Data shown
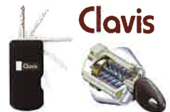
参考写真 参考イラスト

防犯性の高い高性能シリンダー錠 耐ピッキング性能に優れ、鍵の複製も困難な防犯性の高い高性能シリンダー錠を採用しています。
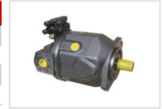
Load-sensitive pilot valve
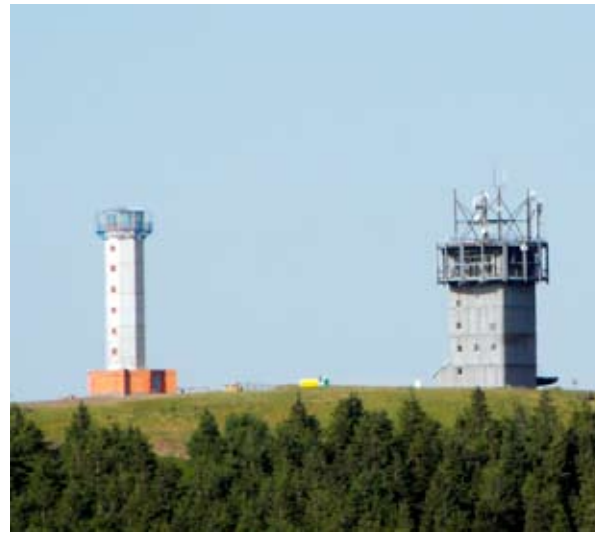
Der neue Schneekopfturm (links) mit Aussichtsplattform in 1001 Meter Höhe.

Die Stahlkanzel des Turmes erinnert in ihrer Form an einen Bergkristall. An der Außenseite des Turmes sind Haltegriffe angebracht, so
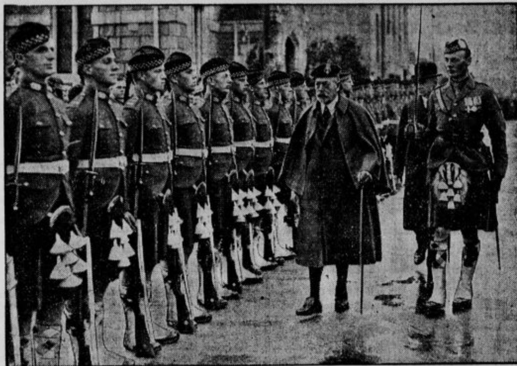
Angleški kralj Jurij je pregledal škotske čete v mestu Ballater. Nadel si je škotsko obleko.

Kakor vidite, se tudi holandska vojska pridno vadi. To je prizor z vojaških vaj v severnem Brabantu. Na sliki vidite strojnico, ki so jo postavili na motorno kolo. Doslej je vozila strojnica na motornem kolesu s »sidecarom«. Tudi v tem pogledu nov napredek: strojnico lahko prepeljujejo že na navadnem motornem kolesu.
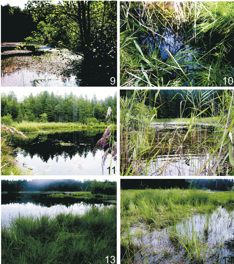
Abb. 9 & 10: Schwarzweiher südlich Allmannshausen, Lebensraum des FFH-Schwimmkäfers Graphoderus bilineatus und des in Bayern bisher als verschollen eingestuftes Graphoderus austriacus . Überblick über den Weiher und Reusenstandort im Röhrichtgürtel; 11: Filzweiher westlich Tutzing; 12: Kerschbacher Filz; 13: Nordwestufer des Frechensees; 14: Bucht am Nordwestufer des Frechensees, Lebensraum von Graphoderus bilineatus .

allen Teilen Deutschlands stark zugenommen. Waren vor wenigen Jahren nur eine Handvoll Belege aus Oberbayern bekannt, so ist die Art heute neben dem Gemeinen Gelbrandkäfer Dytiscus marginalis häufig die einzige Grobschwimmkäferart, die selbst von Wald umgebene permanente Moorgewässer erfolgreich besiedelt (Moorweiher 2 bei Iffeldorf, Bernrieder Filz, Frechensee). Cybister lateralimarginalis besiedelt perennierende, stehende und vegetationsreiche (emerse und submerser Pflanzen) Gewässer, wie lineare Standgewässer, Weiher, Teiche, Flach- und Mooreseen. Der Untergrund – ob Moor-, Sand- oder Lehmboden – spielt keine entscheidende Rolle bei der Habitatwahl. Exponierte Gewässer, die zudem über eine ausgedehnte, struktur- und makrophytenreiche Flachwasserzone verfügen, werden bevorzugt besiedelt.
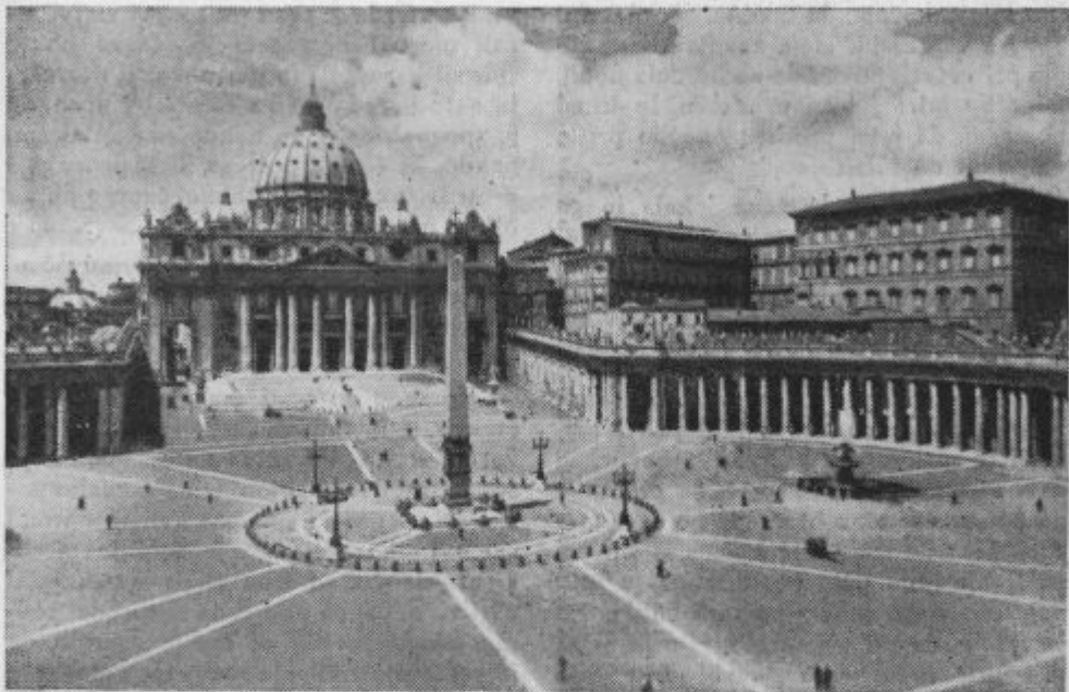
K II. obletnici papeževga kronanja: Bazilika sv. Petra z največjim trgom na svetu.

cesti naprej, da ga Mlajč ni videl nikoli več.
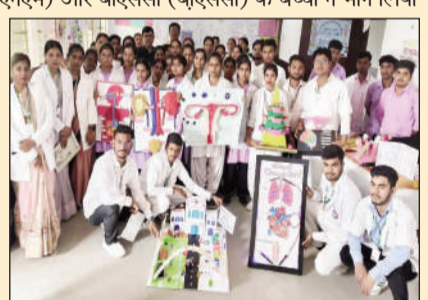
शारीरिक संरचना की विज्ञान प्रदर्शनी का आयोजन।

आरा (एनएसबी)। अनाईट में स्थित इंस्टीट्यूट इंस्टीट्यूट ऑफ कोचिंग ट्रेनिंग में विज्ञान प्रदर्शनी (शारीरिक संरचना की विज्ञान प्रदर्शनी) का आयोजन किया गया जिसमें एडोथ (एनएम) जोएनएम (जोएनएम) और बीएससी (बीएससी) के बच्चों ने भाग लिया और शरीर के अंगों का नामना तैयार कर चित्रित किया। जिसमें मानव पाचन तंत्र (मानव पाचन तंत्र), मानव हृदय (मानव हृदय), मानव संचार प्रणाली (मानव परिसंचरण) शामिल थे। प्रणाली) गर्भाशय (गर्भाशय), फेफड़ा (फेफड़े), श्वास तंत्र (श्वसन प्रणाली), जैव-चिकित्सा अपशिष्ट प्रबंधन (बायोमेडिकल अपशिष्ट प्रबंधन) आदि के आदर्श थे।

Required work
Go to the line that contains "Abb. 9 & 10: Schwarzweiher" and copy it and every line after it through the end of the entries, exactly, without the pictures.

Your response
Abb. 9 & 10: Schwarzweiher südlich Allmannshausen, Lebensraum des FFH-Schwimmkäfers Graphoderus bilineatus und des in Bayern bisher als verschollen eingestuftes Graphoderus austriacus . Überblick über den Weiher und Reusenstandort im Röhrichtgürtel; 11: Filzweiher westlich Tutzing; 12: Kerschbacher Filz; 13: Nordwestufer des Frechensees; 14: Bucht am Nordwestufer des Frechensees, Lebensraum von Graphoderus bilineatus .

allen Teilen Deutschlands stark zugenommen. Waren vor wenigen Jahren nur eine Handvoll Belege aus Oberbayern bekannt, so ist die Art heute neben dem Gemeinen Gelbrandkäfer Dytiscus marginalis häufig die einzige Grobschwimmkäferart, die selbst von Wald umgebene permanente Moorgewässer erfolgreich besiedelt (Moorweiher 2 bei Iffeldorf, Bernrieder Filz, Frechensee). Cybister lateralimarginalis besiedelt perennierende, stehende und vegetationsreiche (emerse und submerser Pflanzen) Gewässer, wie lineare Standgewässer, Weiher, Teiche, Flach- und Mooreseen. Der Untergrund – ob Moor-, Sand- oder Lehmboden – spielt keine entscheidende Rolle bei der Habitatwahl. Exponierte Gewässer, die zudem über eine ausgedehnte, struktur- und makrophytenreiche Flachwasserzone verfügen, werden bevorzugt besiedelt.
K II. obletnici papeževga kronanja: Bazilika sv. Petra z največjim trgom na svetu.

cesti naprej, da ga Mlajč ni videl nikoli več.
शारीरिक संरचना की विज्ञान प्रदर्शनी का आयोजन।

आरा (एनएसबी)। अनाईट में स्थित इंस्टीट्यूट इंस्टीट्यूट ऑफ कोचिंग ट्रेनिंग में विज्ञान प्रदर्शनी (शारीरिक संरचना की विज्ञान प्रदर्शनी) का आयोजन किया गया जिसमें एडोथ (एनएम) जोएनएम (जोएनएम) और बीएससी (बीएससी) के बच्चों ने भाग लिया और शरीर के अंगों का नामना तैयार कर चित्रित किया। जिसमें मानव पाचन तंत्र (मानव पाचन तंत्र), मानव हृदय (मानव हृदय), मानव संचार प्रणाली (मानव परिसंचरण) शामिल थे। प्रणाली) गर्भाशय (गर्भाशय), फेफड़ा (फेफड़े), श्वास तंत्र (श्वसन प्रणाली), जैव-चिकित्सा अपशिष्ट प्रबंधन (बायोमेडिकल अपशिष्ट प्रबंधन) आदि के आदर्श थे।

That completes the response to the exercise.